> DATA PROVIDED:
= Beginning of Section =
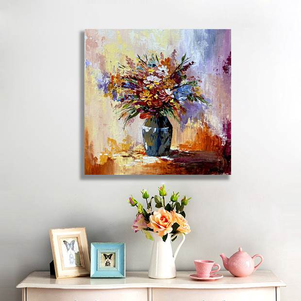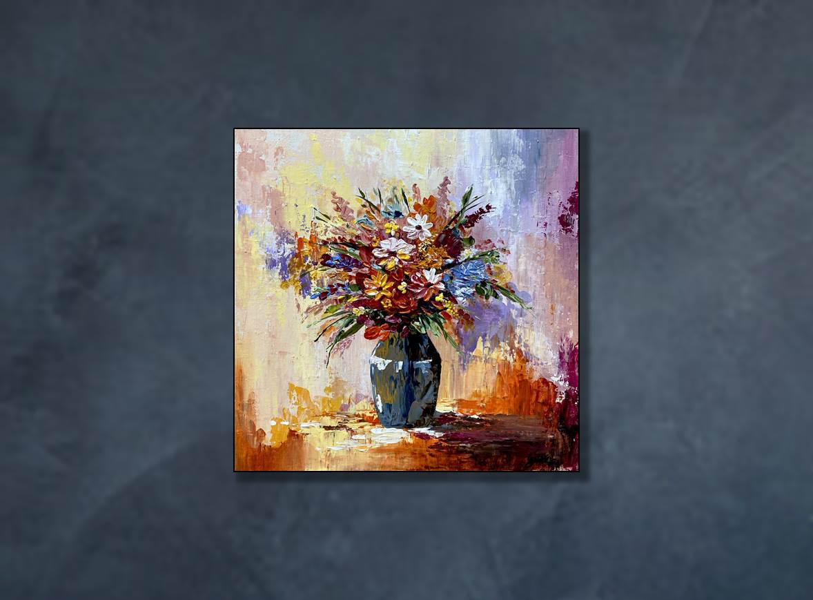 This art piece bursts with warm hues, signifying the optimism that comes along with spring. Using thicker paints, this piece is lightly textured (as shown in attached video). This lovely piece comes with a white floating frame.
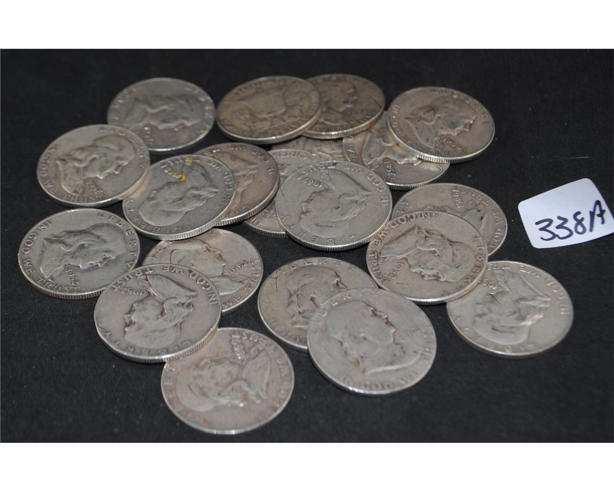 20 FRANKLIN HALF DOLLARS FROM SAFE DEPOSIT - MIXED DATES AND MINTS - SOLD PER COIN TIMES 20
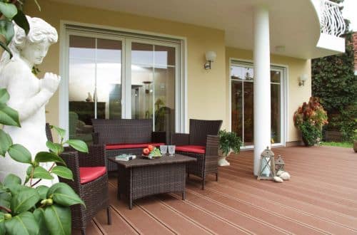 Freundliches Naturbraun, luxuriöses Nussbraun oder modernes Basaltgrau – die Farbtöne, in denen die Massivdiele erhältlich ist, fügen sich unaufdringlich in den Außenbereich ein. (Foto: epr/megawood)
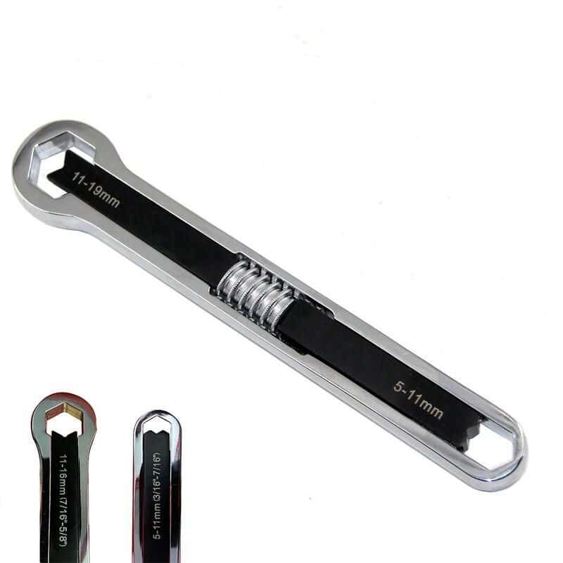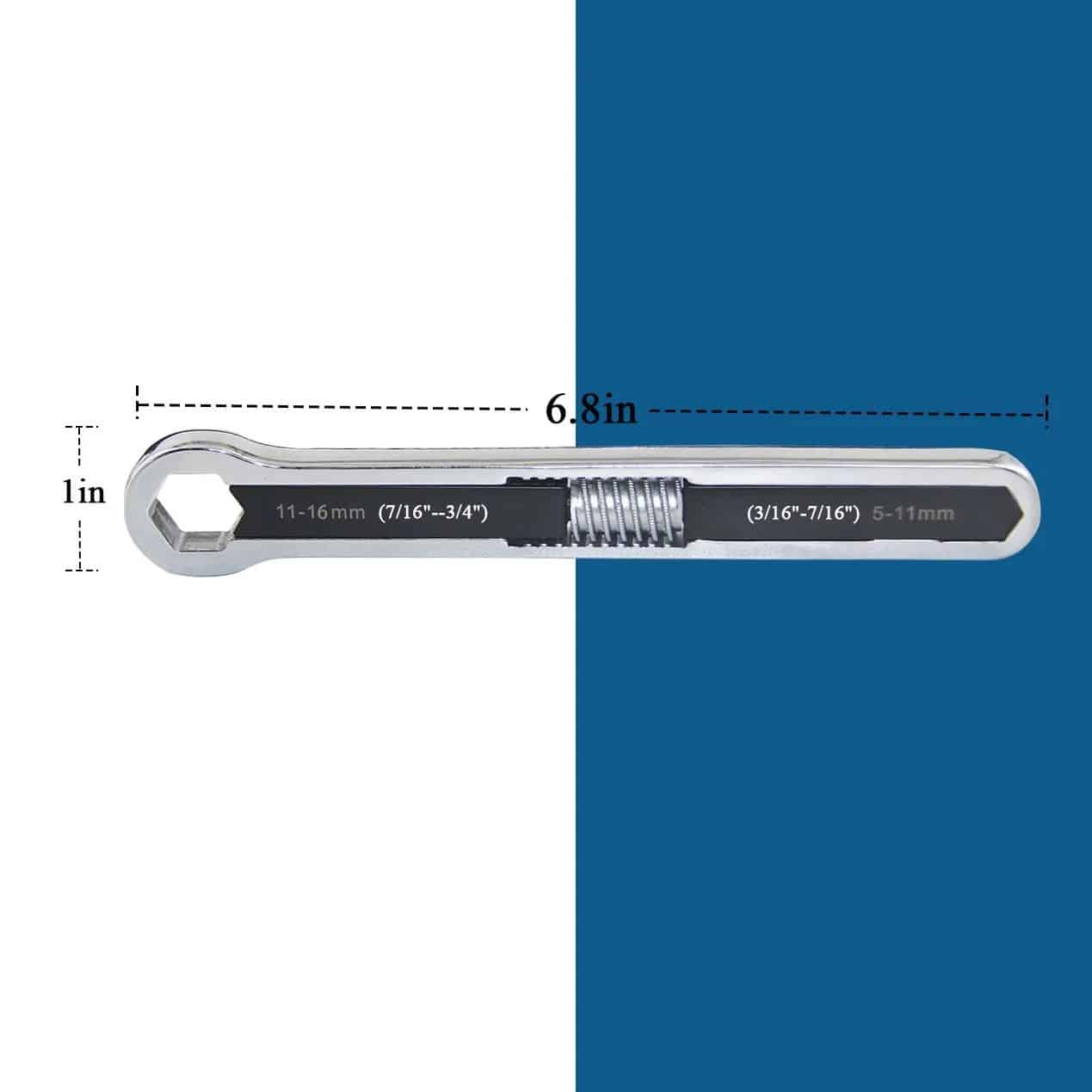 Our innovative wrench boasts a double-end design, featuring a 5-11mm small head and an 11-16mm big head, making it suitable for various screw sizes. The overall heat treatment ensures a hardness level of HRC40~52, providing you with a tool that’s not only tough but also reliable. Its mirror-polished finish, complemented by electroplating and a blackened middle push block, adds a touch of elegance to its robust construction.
= End of Section =
> EXERCISE BRIEF: Reproduce the data above line for line, from its first line through the line containing "Freundliches Naturbraun, luxuriöses", both ends included, with the pictures omitted and nothing more.

> EXERCISE SOLUTION:
 This art piece bursts with warm hues, signifying the optimism that comes along with spring. Using thicker paints, this piece is lightly textured (as shown in attached video). This lovely piece comes with a white floating frame.
 20 FRANKLIN HALF DOLLARS FROM SAFE DEPOSIT - MIXED DATES AND MINTS - SOLD PER COIN TIMES 20
 Freundliches Naturbraun, luxuriöses Nussbraun oder modernes Basaltgrau – die Farbtöne, in denen die Massivdiele erhältlich ist, fügen sich unaufdringlich in den Außenbereich ein. (Foto: epr/megawood)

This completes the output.